On success, munmap() returns 0, on failure -1 and errno is set to indicate the reason. If successful, future accesses to the unmapped memory area will result in a segmentation fault (SIGSEGV).
Advantages of Using mmap()
There are many advantages to using mmap()
to gain access to the contents of some file on disk.
One advantage of using mmap()
is lazy
loading. If no memory within a certain page is ever
referenced, then that page is never loaded into physical
memory. This can be crucial in certain applications in
terms of saving both memory and time.
Another advantage with mmap() is speed
improvements. Traditional I/O involves a lot of system
calls (e.g., calls to read()) to load data into
memory. There are costs associated with these calls, such
as error checking within the functions themselves. Loading
data into main memory also has to go through several layers
of software abstraction, with the data being copied around
in various buffers in the operating system before finally
being placed in memory, which clearly will slow down the
program. Using mmap()
avoids both of these
issues.
Finally, mmap()
has the advantage of being
able to support versatile dynamic memory allocation.

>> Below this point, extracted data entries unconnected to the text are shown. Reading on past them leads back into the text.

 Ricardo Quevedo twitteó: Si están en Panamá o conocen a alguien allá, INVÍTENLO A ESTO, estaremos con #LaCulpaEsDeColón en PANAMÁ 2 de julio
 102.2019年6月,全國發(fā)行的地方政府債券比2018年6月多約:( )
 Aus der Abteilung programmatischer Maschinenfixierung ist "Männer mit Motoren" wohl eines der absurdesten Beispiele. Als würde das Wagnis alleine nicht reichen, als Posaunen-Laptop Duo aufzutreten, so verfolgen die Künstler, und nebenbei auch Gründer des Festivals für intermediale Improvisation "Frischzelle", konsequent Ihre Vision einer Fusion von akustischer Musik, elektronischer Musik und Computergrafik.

In particular, malloc() cannot safely be called
in a signal handler, whereas mmap()
can, using
anonymous mappings. Additionally, malloc()

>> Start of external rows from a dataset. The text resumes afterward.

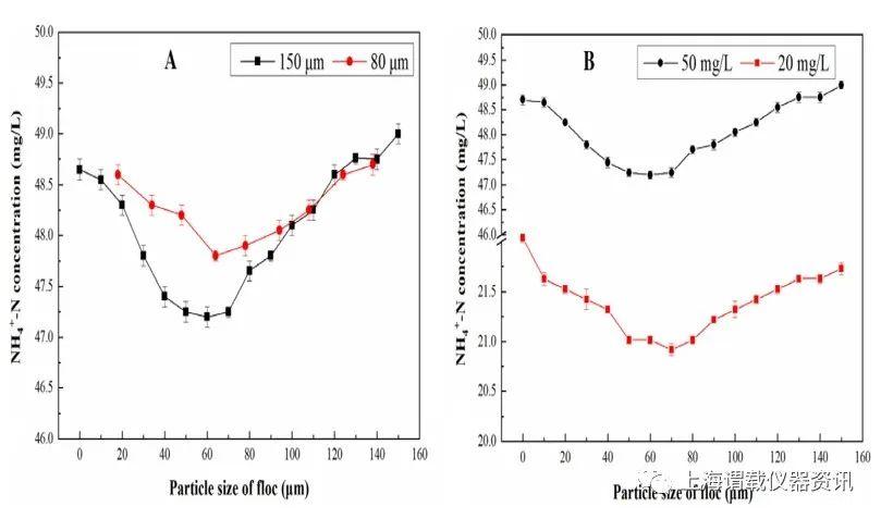 圖4、不同粒徑條件(A)和不同外部NH4+-N濃度(B)下絮體中NH4+-N的變化規(guī)律。如圖A所示,隨著粒徑的增大,NH4+的衰減值逐漸增大。當(dāng)粒徑約為150μm時(shí),NH4+-N的衰減值約為1.5 mg/L。當(dāng)粒徑減小80μm時(shí),NH4+-N的衰減值約為0.7 mg/L。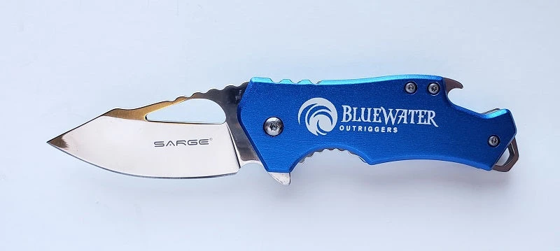 Assisted opening pocket knife and bottle opener. The sleek design Includes a blue anodized aluminum handle with a white Bluewater Outriggers logo and a 2.375-Inch mirror polished blade. Bring this knife everywhere with you as it fits comfortably in your pocket and includes a pocket clip.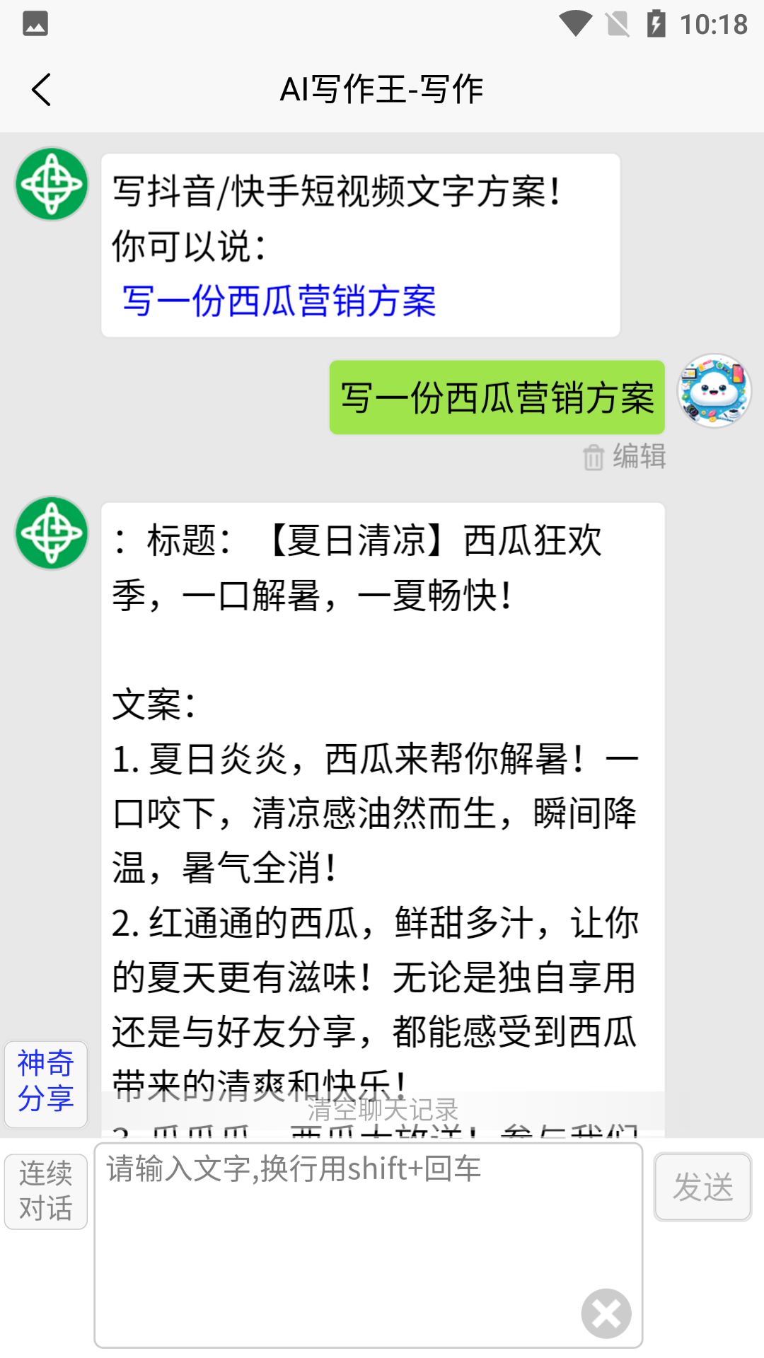 AI写作王是一款集写作、绘图、聊天、问答、翻译多种功能于一身的AI智能应用。不管您是渴望获得灵感启发,还是需要进行语言翻译工作,AI写作王都能够助力您迅速达成任务。借助其智能问答功能,您能随时向AI提问并得到答案。并且,AI写作王具备绘图功能,这使得您可以非常直观地呈现自己的想法。不管是在写作创作领域,还是在语言交流方面,AI写作王都会是您身旁十分得力的助手。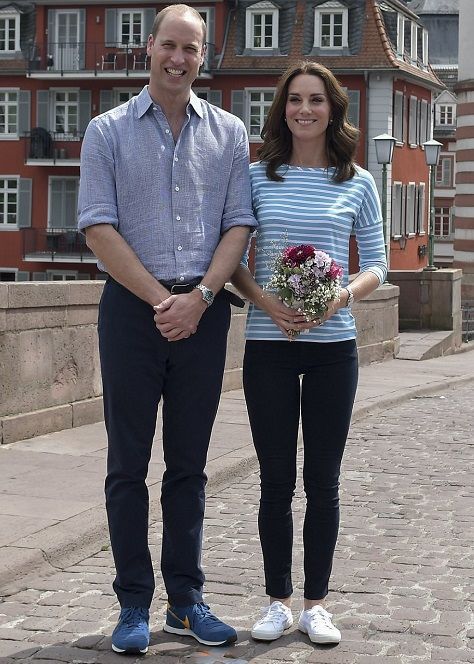 凱特特訪問了德國傳統的食品市場後,從她的黃色花邊Jenny Packahm連衣裙變換成,Hugo Boss藍色和白色條紋上衣以及牛仔褲以及Superga鞋子。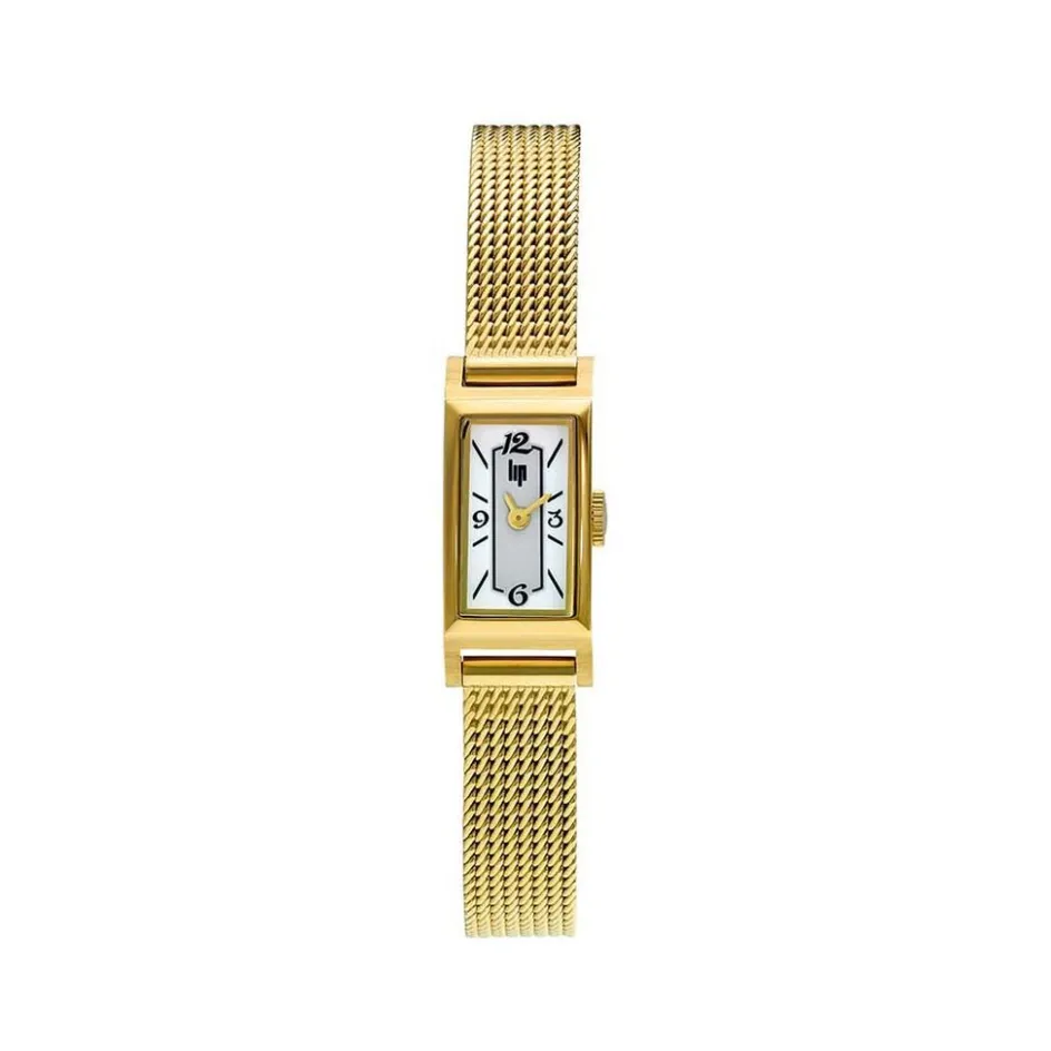Montre Lip Churchill T13 Acier Dore Rectangulaire Quartz 13×29 Mm Fond Blanc Bracelet Acier Dore Maille Milanaise 671226

itself can be made more versatile by using
mmap()
to allocate memory rather than simply
raising the process's break by using sbrk()
.
Calling sbrk()
necessitates that memory may
bem freed only at the top of the heap (i.e., by lowering
the break). However, there is no such restriction if memory
is allocated using mmap()
. As such, memory in
the middle of the heap
may be freed at will (using
munmap()
).
An mmap()
Example
The following simple, but buggy, example program appears
in your lab repo as exercise1.c
. This
program demonstrates a typical use case of
mmap()
for reading data from a file (the
#include lines in this example have been omitted
here for simplicity of presentation).
/*
* Requires:
* This program's source code must reside in the current working directory
* in a readable file named "exercise1.c".
*
* Effects:
* Reads this program's source code, via mmap(), and prints that source
* code to stdout.
*/
int
main(void)
{
struct stat stat;
int fd, size;
char *buf;
// Open the file and get its size.
fd = open("exercise1.c", O_RDONLY);
if (fd < 0 || fstat(fd, &stat) < 0) {
fprintf(stderr, "open() or fstat() failed.\n");
return (1);
}
size = stat.st_size;
// Map the file to a new virtual memory area.

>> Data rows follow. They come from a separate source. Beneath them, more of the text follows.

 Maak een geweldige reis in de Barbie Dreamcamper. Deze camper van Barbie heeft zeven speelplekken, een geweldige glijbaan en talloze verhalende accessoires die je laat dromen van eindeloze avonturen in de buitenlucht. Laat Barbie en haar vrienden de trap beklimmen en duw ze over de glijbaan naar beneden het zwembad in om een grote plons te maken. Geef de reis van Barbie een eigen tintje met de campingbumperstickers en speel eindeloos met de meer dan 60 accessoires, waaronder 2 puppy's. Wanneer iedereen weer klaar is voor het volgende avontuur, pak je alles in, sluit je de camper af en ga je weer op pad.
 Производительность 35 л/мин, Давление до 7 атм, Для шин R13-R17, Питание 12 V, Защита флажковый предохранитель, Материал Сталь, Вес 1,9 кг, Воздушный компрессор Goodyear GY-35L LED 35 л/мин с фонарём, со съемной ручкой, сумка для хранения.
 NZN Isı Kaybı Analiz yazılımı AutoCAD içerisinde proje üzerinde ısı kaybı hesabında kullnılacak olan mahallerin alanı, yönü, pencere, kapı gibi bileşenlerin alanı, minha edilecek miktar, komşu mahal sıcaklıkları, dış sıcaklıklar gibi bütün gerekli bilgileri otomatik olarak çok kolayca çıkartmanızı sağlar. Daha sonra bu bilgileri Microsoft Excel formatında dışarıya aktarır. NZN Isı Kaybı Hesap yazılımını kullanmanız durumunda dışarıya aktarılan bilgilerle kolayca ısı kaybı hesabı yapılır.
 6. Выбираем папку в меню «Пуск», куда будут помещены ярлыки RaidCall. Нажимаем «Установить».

buf = mmap(NULL, size, PROT_NONE, MAP_PRIVATE, fd, 0);
if (buf == MAP_FAILED) {
fprintf(stderr, "mmap() failed.\n");
return (1);
}
// Print out the contents of the file to stdout.
for (int i = 0; i < size; i++) {
printf("%c", buf[i]);
}
// Clean up. Ignore the return values because we exit anyway.
(void)munmap(buf, size);
(void)close(fd);
return (0);
}
This program calls the open() system call to
open its own source code file (the file
exercise1.c
) and then gets the size (in
bytes) of this file by calling the fstat()
system call. The fstat() system call returns a
number of different pieces of information about the
status
of the file open on the given file
descriptor. (The stat() system call is identical
to fstat(), except that stat() takes
the name of the file as its first argument rather than a
file descriptor open to that file, as in
fstat().) The program then uses
mmap() to map that file into the process's
memory, and then prints out the contents of the file from
the memory into which the file has been mapped.
GitHub Repository for This Lab
To obtain your private repo for this lab, please point your browser to this link for the starter code for the lab. Follow the same steps as for previous labs and assignments to create your repository on GitHub and then to clone it onto CLEAR. The directory for your repository for this lab will be
lab-10-memory-mapped-i-o-name
where name is your GitHub userid.
Submission
Be sure to git push the appropriate C source files for this lab before 11:55 PM tonight, to get credit for this lab.